▶ WHAT THE TASK REQUIRES
The answer consists only of the lines from the beginning of the listing below to the line holding "И вроде бы 100к", inclusive, with every picture removed.

▶ THE DATA
+===+

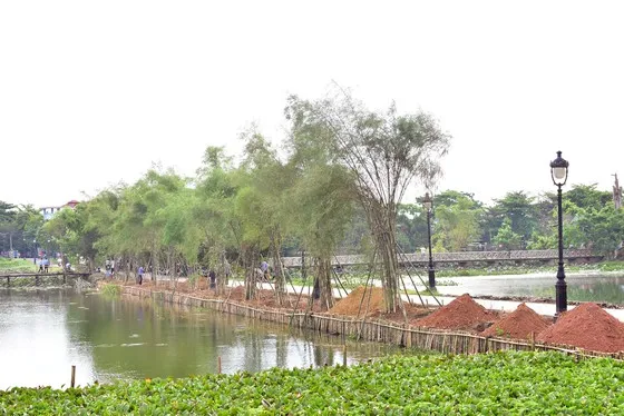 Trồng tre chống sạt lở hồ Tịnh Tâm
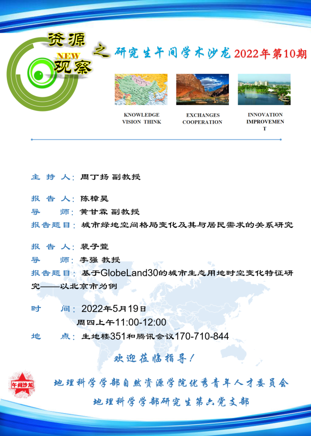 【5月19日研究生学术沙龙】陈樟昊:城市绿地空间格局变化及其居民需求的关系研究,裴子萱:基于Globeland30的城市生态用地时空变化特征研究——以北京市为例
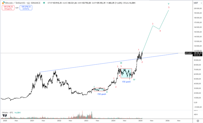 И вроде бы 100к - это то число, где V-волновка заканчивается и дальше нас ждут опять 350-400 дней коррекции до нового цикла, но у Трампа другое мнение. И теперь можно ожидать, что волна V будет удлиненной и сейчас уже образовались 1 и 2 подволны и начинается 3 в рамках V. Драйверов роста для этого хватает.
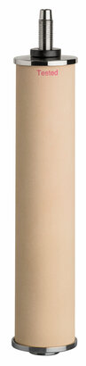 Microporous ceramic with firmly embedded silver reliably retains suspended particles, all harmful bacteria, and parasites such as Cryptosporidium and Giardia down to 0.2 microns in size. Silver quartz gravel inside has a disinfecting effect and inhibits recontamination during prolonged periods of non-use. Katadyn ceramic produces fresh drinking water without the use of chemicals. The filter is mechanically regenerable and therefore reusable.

+===+

▶ ANSWER SPACE
 Trồng tre chống sạt lở hồ Tịnh Tâm
 【5月19日研究生学术沙龙】陈樟昊:城市绿地空间格局变化及其居民需求的关系研究,裴子萱:基于Globeland30的城市生态用地时空变化特征研究——以北京市为例
 И вроде бы 100к - это то число, где V-волновка заканчивается и дальше нас ждут опять 350-400 дней коррекции до нового цикла, но у Трампа другое мнение. И теперь можно ожидать, что волна V будет удлиненной и сейчас уже образовались 1 и 2 подволны и начинается 3 в рамках V. Драйверов роста для этого хватает.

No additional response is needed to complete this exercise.